The Canadian province of Alberta holds elections to its unicameral legislative body, the Legislative Assembly of Alberta. The maximum period between general elections of the assembly is five years, but the Lieutenant Governor is able to call one at any time. However, the premier has typically asked the lieutenant governor to call the election in the fourth or fifth year after the preceding election. The number of seats has increased over time, from 25 for the first election in 1905, to the current 87.

Alberta's politics has historically been one of long-lasting governments with government changes being few and far between. The province from 1905 to 2015 was ruled by four "dynasties": the Liberal Party (1905–1921); the United Farmers of Alberta (1921–1935), the Social Credit Party (1935–1971), and the Progressive Conservative (PC) Association (1971–2015), the longest political dynasty in Canada. Since 2015 Alberta has had two different governments: The Alberta New Democratic party led by Rachel Notley (2015-2019) and United Conservative Party (2019 to the present). In every election one party has taken a majority of seats. No minority government has ever been elected in Alberta.

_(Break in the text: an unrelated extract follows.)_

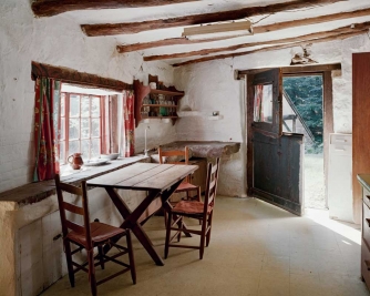 Poor was able to purchase part of an old farm—bought jointly with Rollo Peters, a Shakespearean actor, and the textile designer Ruth Reeves and her then husband, the economist Leland Olds—for $500 (a sum, it should be said, impossible to raise without supportive parents back home in Kansas). With little left over for building supplies, the couple found much of what they needed on their modest acreage. A sandstone quarry, periodically tapped by local farmers for the builders of New York’s brownstones, supplied the basic building material, hauled down the hill with his Model T: smallish cast-off stones for the walls and larger ones blasted and cut with which Poor constructed fireplaces, thresholds, staircases and a stone sink. American chestnuts, blighted five years prior, stripped of their bark but still standing and by then well-seasoned, provided ample timber, which Poor felled and adzed into the massive beams, lintels and posts.

Thus, Alberta can be said to have continuously had a dominant-party system for its entire political history, though the dominant party has changed over time.

In 2015, the NDP were elected to government for the first time in Alberta's history. The NDP had Alberta's only one term government thus far.

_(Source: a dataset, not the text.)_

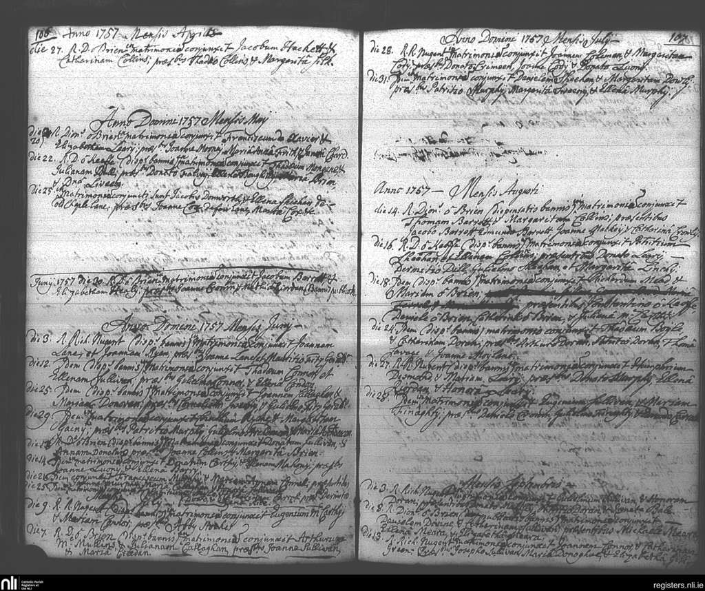 St. Mary's, Cork city; County of Cork; Diocese of Cork and Ross. Marriages, May 1749 to June 1749

In 2019, the newly formed United Conservative Party formed the government.

From 1909 to 1959, Alberta elections used a combination of single-member and multi-member districts.
From 1905 to 1924, each voter cast as many votes as seats to be filled in the district.
From 1924 to the present, each voter has been able to cast just one vote.

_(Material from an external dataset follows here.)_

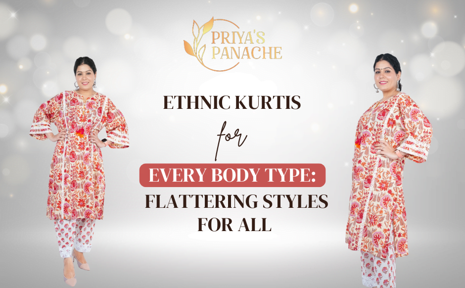First, it is crucial to know about different types of body types, and then about styling them. For example, an hourglass body plazo with a straight-fit kurti is a smart way to create an ethnic outfit. Further, for the apple body type you can go for the A-line kurtis.

From 1905 to 1924, plurality was enough to be elected.

From 1924 to 1959, each voter cast a ranked ballot, in a hybrid system of Single Transferable Voting in multi-member districts in the cities and Instant-runoff voting in single-member districts outside the cities, producing proportional representation in the cities and majority-winner results elsewhere. Only Alberta and Manitoba have used a proportional representation system in the history of Canada, although in both provinces it was applied only partially.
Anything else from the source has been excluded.